For me, the image of the guest house on the banks of the Narmada River, with its British accidents and Indian substance, resonates as an apt metaphor for many aspects of Mehta's rich and vivid novel. The house's prim, Victorian exterior both hides and contains the brightly colored, expansive Indian interior. Religious pilgrims and self-important bureaucrats have taken shelter under the bungalow's roof, yet no one, not even the narrator who acts as its caretaker, has turned it into a home. Even on the most general level, as an Anglophone account of Indian experience, the novel shares important attributes with the site where it begins and ends. English in appearance, but Indian in substance, the narrative is a resting place for stories that all seem to begin and end in places beyond it. Similarly, the tale of the primary narrator, a featureless and (I believe) nameless bureaucrat, becomes over the course of the novel an accidental sanctuary for the experiences of others, without ever housing more than the barest details of the life of the narrator himself. Consequently, even within his own narrative, the primary narrator operates not as a character so much as a site or location where the stories of the other characters come to rest or unfold.

And, just as the guest house has to be prepared before visitors arrive, the site of the narrator must be made ready for the stories that come to reside within him. As a novel written by a woman, *River* is curiously devoid of accounts of women's experience or portraits of femininity when it begins. Until the Courtesan appears in Chapter 10, all of the embedded narratives are accounts of men's lives. The female characters are more like flat caricatures, the nagging wife, the selfless elder sister, the faceless object of male desire. Further, during the first part of the novel, feminine experience is not merely unknown, it is unknowable, mysterious and hidden in darkness like the source of the Narmada. The turning point comes during the Executive's Story, the tale of a man haunted or possessed by female desire, when Mehta begins to explore how female experience can be accommodated in what has been established as a "man's world." Until the narrator--a man who never went to the open-air market until after his wife died--can accept at least the possibility that life may not be divisible into male and female spheres of action, he is deaf and blind to the stories of the women around him. The Courtesan's Story, which follows the narrator's moment of enlightenment, is itself a tale of a world still divided between men and women, where men are ignorant of the specialized knowledge of the courtesan, and the women take great pains to keep their secrets. The last two stories, however, of the Musician and the Minstrel, both depict a world in which knowledge is shared between men and women. By the end of the novel, the primary narrative, which on its face appears to be the story of a man in retreat from female desire and longing, has been transformed into a tale of the creative strategies that women use to insert themselves into a cultural history that is still largely controlled and dominated by men.

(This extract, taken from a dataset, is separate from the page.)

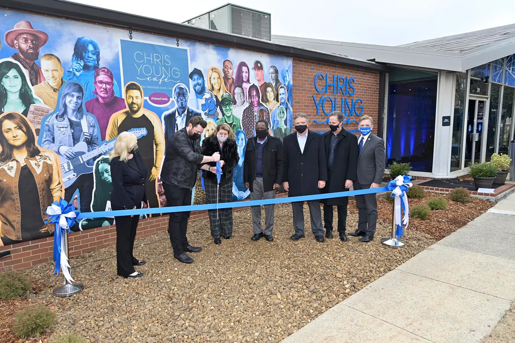 He was on the campus of his alma mater, MTSU (Middle Tennessee State University) to unveil a Tennessee Music Pathway marker and cut the ribbon for the grand opening of the Chris Young Café.
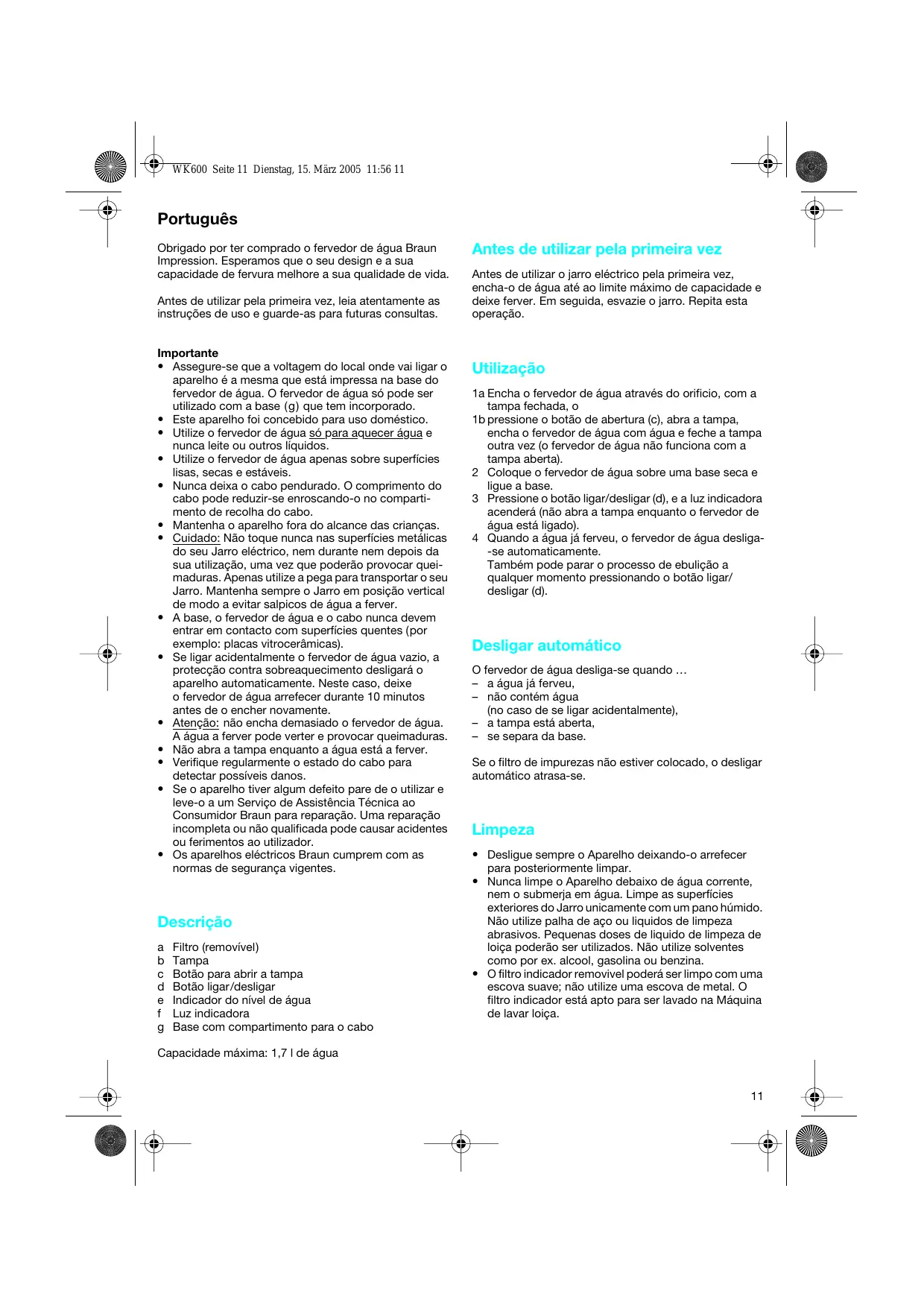 WK600 Seite 11 Dienstag, 15. März 2005 11:56 11 Português Obrigado por ter comprado o fervedor de água Braun Impression. Esperamos que o seu design e a sua capacidade de fervura melhore a sua qualidade de vida. Antes de utilizar pela primeira vez, leia atentamente as instruções de uso e guarde-as para futuras consultas. Antes de utilizar pela primeira vez Antes de utilizar o jarro eléctrico pela primeira vez, encha-o de água até ao limite máximo de capacidade e deixe ferver. Em seguida, esvazie o jarro. Repita esta operação. Importante

In reading the novel, I had a strong sense that Mehta seems to be downplaying male/female essentialism in favor of a more balanced understanding that acknowledges significant differences in male and female experience while exploring what happens when men and women work cooperatively to create a narrative in which both can take part. It is a book filled with male mother figures and bad, unhealthy mother-daughter relationships, images that undermine essentialist idealism about the inherently nurturing female nature. Although the Indian landscape is both explicitly and implicitly gendered as feminine, it is a landscape that includes the modern city as well as the idyllic pastoral countryside, avoiding the temptation to establish a dichotomy between female/nature v. male/culture. Even the narrator and his mostly male staff perform a curiously domestic role in maintaining the guest house for visitors. Like the guest house, the India Mehta depicts is something of an amalgam, of religions, classes, genders and cultures, and one does not get the sense, at least I did not, that this is necessarily an evil circumstance.